Tozuka Ryota, Kadoya Noriyuki, Yasunaga Arata, Saito Masahide, Komiyama Takafumi, Nemoto Hikaru, Ando Hidetoshi, Onishi Hiroshi, Jingu Keiichi
Department of Radiation Oncology, Tohoku University Graduate School of Medicine, Sendai, Japan.
Department of Radiology, University of Yamanashi, Yamanashi, Japan.
Jpn J Radiol. 2025 Sep 15. doi: 10.1007/s11604-025-01865-8.
To develop and evaluate a novel deep learning strategy for automated early-stage lung cancer gross tumor volume (GTV) segmentation, utilizing pre-training with mathematically generated non-natural fractal images.
This retrospective study included 104 patients (36-91 years old; 81 males; 23 females) with peripheral early-stage non-small cell lung cancer who underwent radiotherapy at our institution from December 2017 to March 2025. First, we utilized encoders from a Convolutional Neural Network and a Vision Transformer (ViT), pre-trained with four learning strategies: from scratch, ImageNet-1K (1,000 classes of natural images), FractalDB-1K (1,000 classes of fractal images), and FractalDB-10K (10,000 classes of fractal images), with the latter three utilizing publicly available models. Second, the models were fine-tuned using CT images and physician-created contour data. Model accuracy was then evaluated using the volumetric Dice Similarity Coefficient (vDSC), surface Dice Similarity Coefficient (sDSC), and 95th percentile Hausdorff Distance (HD95) between the predicted and ground truth GTV contours, averaged across the fourfold cross-validation. Additionally, the segmentation accuracy was compared between simple and complex groups, categorized by the surface-to-volume ratio, to assess the impact of GTV shape complexity.

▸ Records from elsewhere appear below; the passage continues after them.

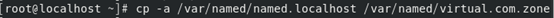 接着使用cp -a /var/named/named.localhost /var/named/virtual.com.zone命令复制一份正向解析的模板文件。
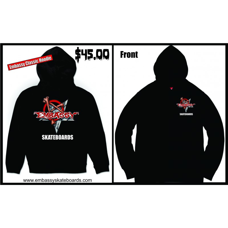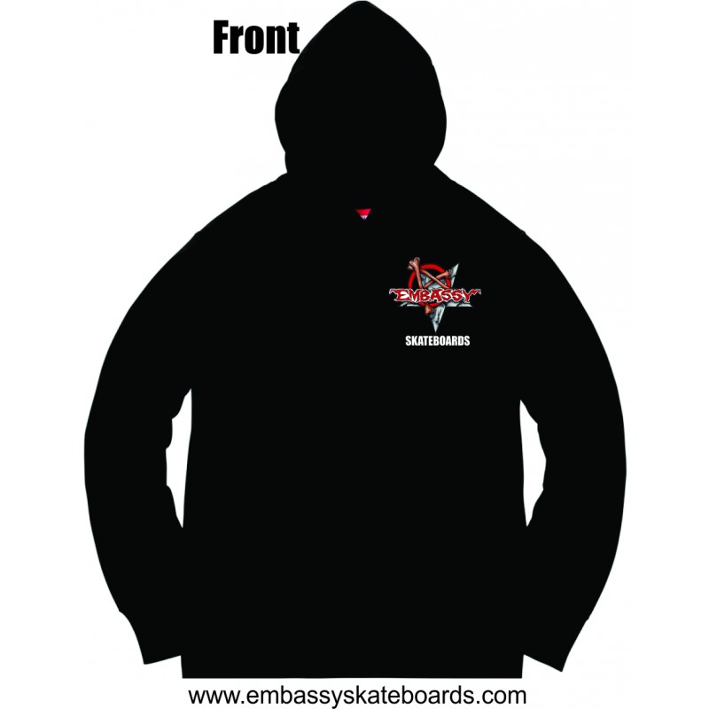 Embassy Skateboards, Black 100% Heavy Cotton Hoodie. Artwotk by Shane Munce.
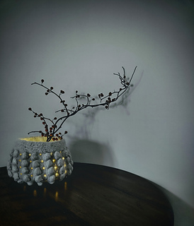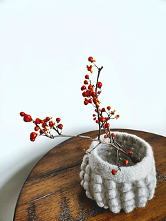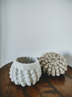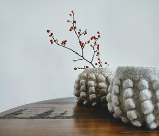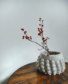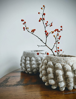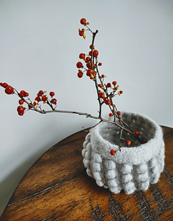 Snowbowl is knit in the round from rim to base. The texture is created by a mixture of slipped stitches, yarn overs and bobbles. Once completed the bowl is felted. The Snowbowl stitch pattern was inspired by the large snowflakes that gently descend when temperatures are near freezing. A perfect holiday gift when filled with some thoughtful additions- maybe a plant, maybe some knitting notions.
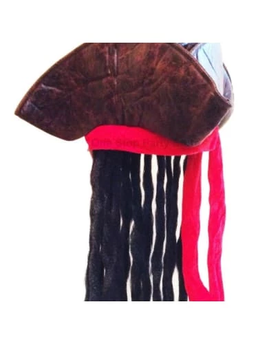 Brown soft pirate hat with red tie and dreadlocks attachedย
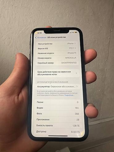 - На фото в «Об этом устройстве» видно: модель iPhone 11 (MHCX3LL/A), серийный номер частично показан.
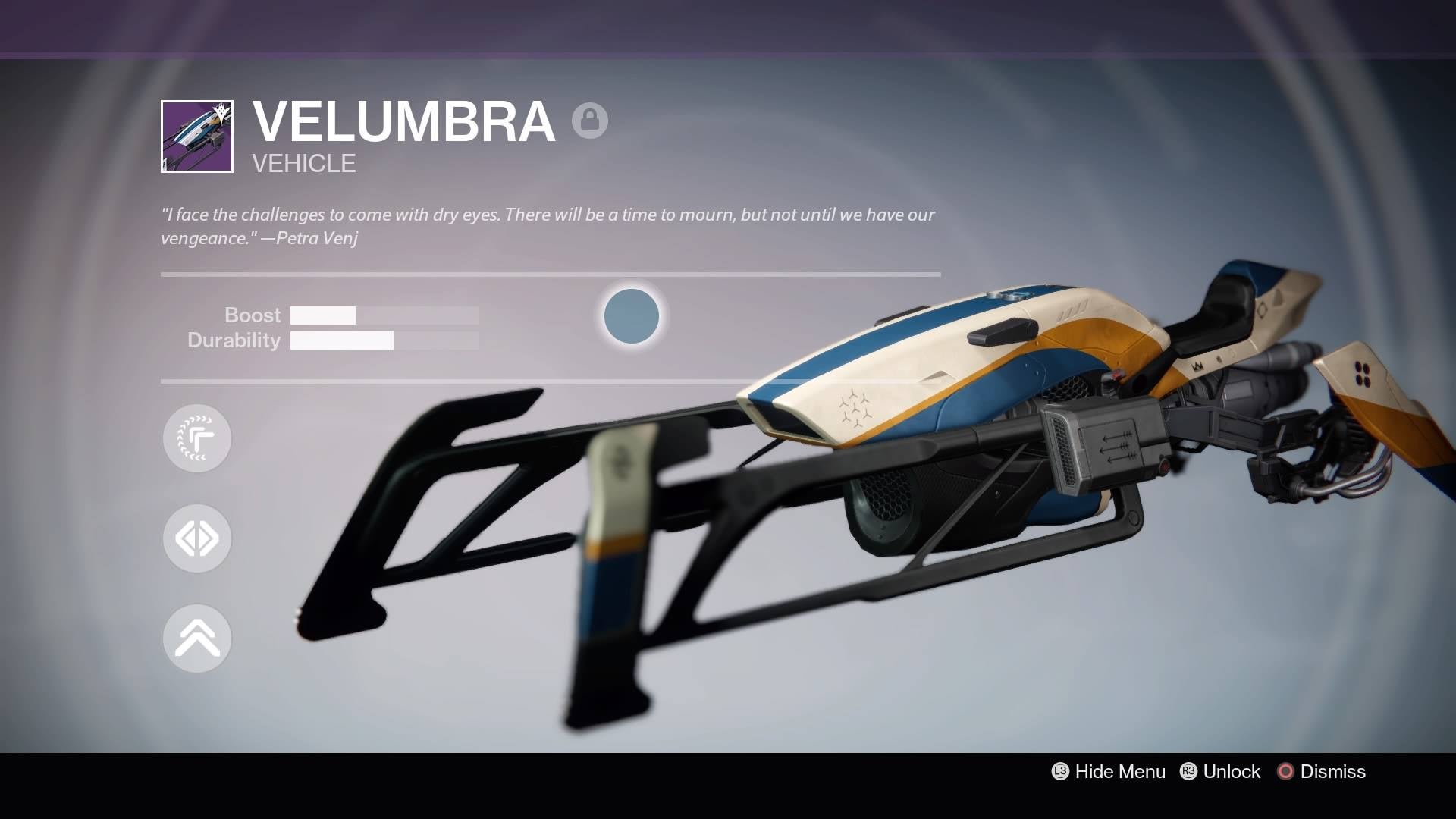 Stats-wise, it's comparable to the other legendary sparrows in Destiny, but the Velumbra comes with some cool stunt controls. If you hold R2 while airborne you can roll to the left and right with the left stick. You can also dart to the left and right with L1 or L3 and R1 or R3.

Pre-trained with FractalDB-10K yielded the best segmentation accuracy across all metrics. For the ViT model, the vDSC, sDSC, and HD95 results were 0.800 ± 0.079, 0.732 ± 0.152, and 2.04 ± 1.59 mm for FractalDB-10K; 0.779 ± 0.093, 0.688 ± 0.156, and 2.72 ± 3.12 mm for FractalDB-1K; 0.764 ± 0.102, 0.660 ± 0.156, and 3.03 ± 3.47 mm for ImageNet-1K, respectively. In conditions FractalDB-1K and ImageNet-1K, there was no significant difference in the simple group, whereas the complex group showed a significantly higher vDSC (0.743 ± 0.095 vs 0.714 ± 0.104, p = 0.006).
Pre-training with fractal structures achieved comparable or superior accuracy to ImageNet pre-training for early-stage lung cancer GTV auto-segmentation.
开发并评估一种新型深度学习策略,用于自动分割早期肺癌的大体肿瘤体积(GTV),该策略利用数学生成的非自然分形图像进行预训练。
这项回顾性研究纳入了2017年12月至2025年3月在本机构接受放疗的104例外周早期非小细胞肺癌患者(年龄36 - 91岁;男性81例;女性23例)。首先,我们使用来自卷积神经网络和视觉Transformer(ViT)的编码器,采用四种学习策略进行预训练:从零开始、ImageNet - 1K(1000类自然图像)、FractalDB - 1K(1000类分形图像)和FractalDB - 10K(10000类分形图像),后三种使用公开可用模型。其次,使用CT图像和医生创建的轮廓数据对模型进行微调。然后使用预测的和真实的GTV轮廓之间的体积骰子相似系数(vDSC)、表面骰子相似系数(sDSC)和第95百分位数豪斯多夫距离(HD95)评估模型准确性,这些指标在四重交叉验证中进行平均。此外,根据表面积与体积比将患者分为简单组和复杂组,比较两组的分割准确性,以评估GTV形状复杂性的影响。
使用FractalDB - 10K进行预训练在所有指标上产生了最佳分割准确性。对于ViT模型,FractalDB - 10K的vDSC、sDSC和HD95结果分别为0.800±0.079、0.732±0.152和2.04±1.59毫米;FractalDB - 1K的结果分别为0.779±0.093、0.688±0.156和2.72±3.12毫米;ImageNet - 1K的结果分别为0.764±0.102、0.660±0.156和3.03±3.47毫米。在FractalDB - 1K和ImageNet - 1K条件下,简单组无显著差异,而复杂组的vDSC显著更高(0.743±0.095对0.714±0.104,p = 0.006)。
对于早期肺癌GTV自动分割,使用分形结构进行预训练可达到与ImageNet预训练相当或更高的准确性。